General-Anzeiger Bonn by Thomas Kliemann, Editor Feuilleton

He was probably not really in a good mood when he sat down at the grand piano in the Cologne Opera on January 24, 1975. Jazz pianist Keith Jarrett, then 29, had arrived from Switzerland early that morning in a rickety R4. On stage, instead of the promised Bösendorfer 290 Imperial concert grand, there was an out-of-tune baby grand from the rehearsal room. Dinner arrived much too late. Jarrett – heavily overtired – had actually lost the desire to perform. But then he let himself be persuaded by the ambitious organizer Vera Brandes (18).

The concert – 66 minutes of free improvisation – became a milestone in jazz history and a great moment for all of the 1400 listeners in Cologne. That it was recorded at all – for internal purposes – is a miracle. The recording, released by ECM, became a hit, the best-selling jazz solo record, the best-selling piano solo record. Millions and millions of fans love it, follow the flow of the music as if in a trance, know when the master, sighed, hummed or groaned.

A frozen moment of bliss. Of course, one is skeptical at first when someone wants to replay this masterpiece born of spontaneity, note for note, pause for pause. To force the “Köln Concert”, this manifesto of freedom, into a framework of notes? Unthinkable!

Japanese pianist Maki Namekawa, wife of conductor Dennis Russell Davies, has taken on the concerto, meticulously worked through it, and discussed the project of a revival with Jarrett, now 78. “I told Keith that I was not a jazz pianist, but that I wondered how my interpretation of ‘The Köln Concert’ sounded to him. He smiled and simply replied, ‘The Köln Concert is not jazz.'” Jarrett gave his blessing.
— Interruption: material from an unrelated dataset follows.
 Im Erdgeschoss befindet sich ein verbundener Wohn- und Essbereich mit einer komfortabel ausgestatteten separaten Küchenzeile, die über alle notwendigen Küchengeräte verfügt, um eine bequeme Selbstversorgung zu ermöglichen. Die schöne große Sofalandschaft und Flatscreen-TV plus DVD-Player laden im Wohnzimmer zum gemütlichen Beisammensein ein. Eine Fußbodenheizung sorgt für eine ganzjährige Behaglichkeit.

Be that as it may, on the stage of the completely sold-out Pantheon – with “emergency seats offered behind a curtain and in the lounge, there was no ruinous baby grand piano, but a Steinway magnificent specimen, Model D, which, at 274 centimeters long, is one of the company’s premium instruments. This information is important. Because the interpretation that Namekawa presented is probably from a purely technical viewpoint what Jarrett had hoped for in Cologne. All reservations, all skepticism about the revitalization of the “Cologne Concert” evaporate after the first sounds. Physically very restrained, almost humble, but with full access and extensive use of the pedal (with Jarrett in Cologne, the pedal system had occasionally snagged), the pianist went to work. In front of an absolutely spellbound and concentrated listening audience – a single cough was counted – she resurrected this masterpiece – in an unbelievable tonal brilliance and a precision that put Jarrett’s improvisational ops note for note almost unadulterated into the room.
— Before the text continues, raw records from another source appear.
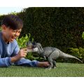 Тиранозавър Рекс, вдъхновен от Jurassic World Rebirth, идва с яростна функция за многократно захапване! При натискане на езика се чува първичен победоносен рев. Ако езикът се задържи по-дълго, се активира свирепа поредица от непрекъснати захапвания със светлинни и звукови ефекти! Тази функция осигурява вълнуващи битки, докато T-Rex напада други фигури-динозаври (предлагат се отделно)! Чрез движение на опашката главата може да се движи нагоре-надолу или настрани, докато огромната челюст остава широко отворена! Сканирайте Tracking Code на крака на динозавъра в безплатното приложение Jurassic World Play App със съвместимо смарт устройство (Android или iOS, не е включено), за да отключите дигитална версия на динозавъра и да играете увлекателна игра с надпревара по суша, въздух и вода. Идеален подарък за фенове на динозаври над 4 години. Цветовете и декорациите може да варират.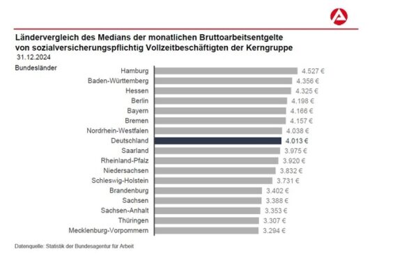 Nürnberg (ots) – – Medianentgelte stiegen im Jahr 2024 auf monatlich 4.013 Euro – Gender-Pay-Gap…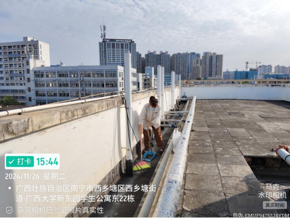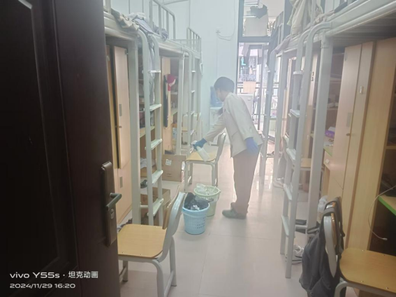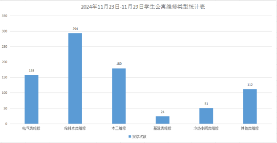 2024年11月23日-11月29日后勤服务24小时报修中心接电话报修、网上报修、现场报修1161单,其中学生公寓报修819单(已完工810单,完工率98.9%,余9单在维修中),其中电气类158单、给排水类294单、木工类180单、基建类24单、冷热水阀51单、其他类112单,余下342单由其他岗位负责完成维修。坚持对学生公寓84间配电房, 178个电表箱,2个水泵房每天巡检。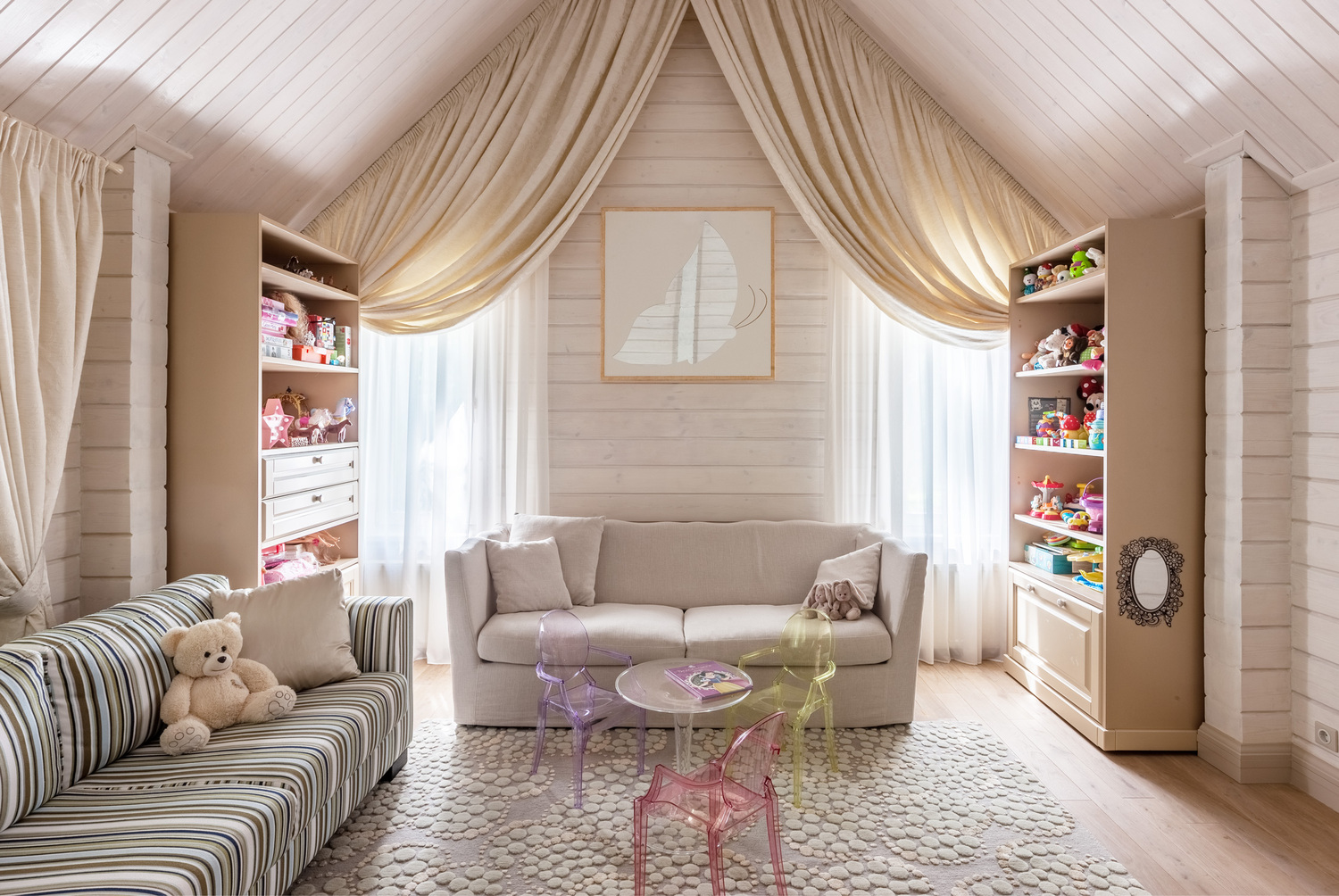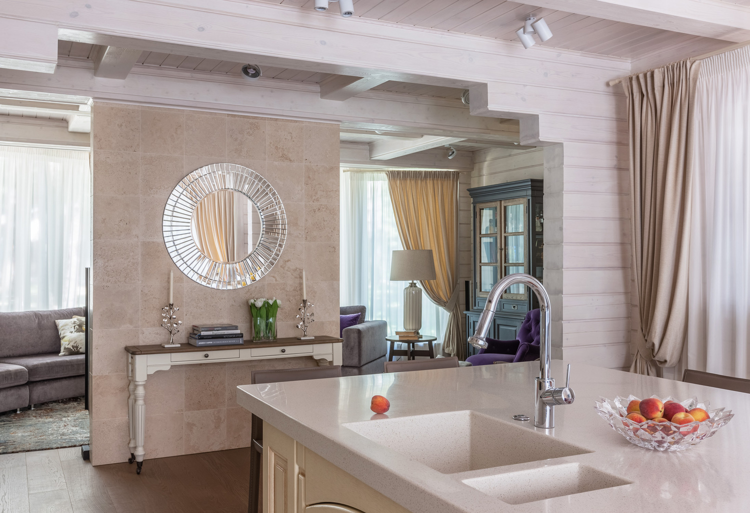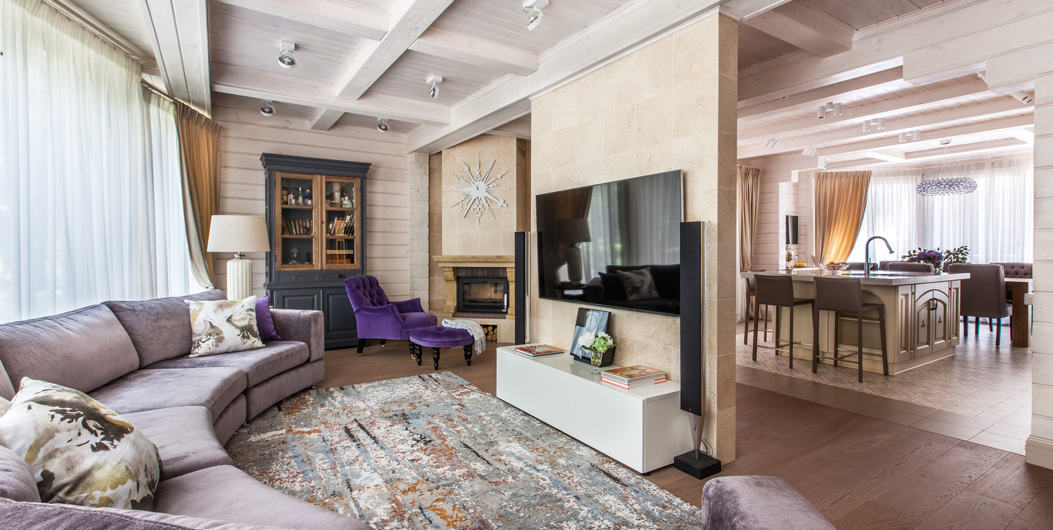 Атмосферный вневременной стиль этого дома из клееного бруса в Подмосковье был создан для молодой семьи. Перед нами стояла задача использовать весь потенциал существующего дома для новых хозяев, превращая его в оазис гостеприимства, спокойствия и элегантности. Мы приглушили яркий натуральный цвет бруса, осветлив общий тон, при этом мы не перекрыли естественный рисунок дерева. По цветам интерьера мы ориентировались на песчаные оттенки прибрежной природы, использовали травертин в отделке стен, выбирали натуральные оттенки деревянных покрытий, сочетали мягкие велюровые и льняные ткани.

The “Cologne Concert”, already performed by Namekawa in the Philharmonie in Paris and at the Ars Electronica Festival in Linz, illuminates the work in a new way, so to speak, letting the flowing passages, the motif developments and changes, the dramatic, even erratic tempo intensifications, the thoughtful, contemplative sequences appear very vividly, revealing -even more strongly than the ECM recording – small weaknesses and breaks in that free 66-minute performance in Cologne. At that time it was a risky balancing act without a safety net, one senses that in retrospect. And in the Pantheon? A very special, intense, dreamlike evening.

It should also be noted that the baby grand piano in Cologne was later scrapped. Vera Brandes is still annoyed that she didn’t buy it as a souvenir or as an investment. And the Bonn grand piano? The gentlemen from Piano Rumler were already standing in front of the Pantheon, ready to bring the good, noble piece safely back to the warehouse.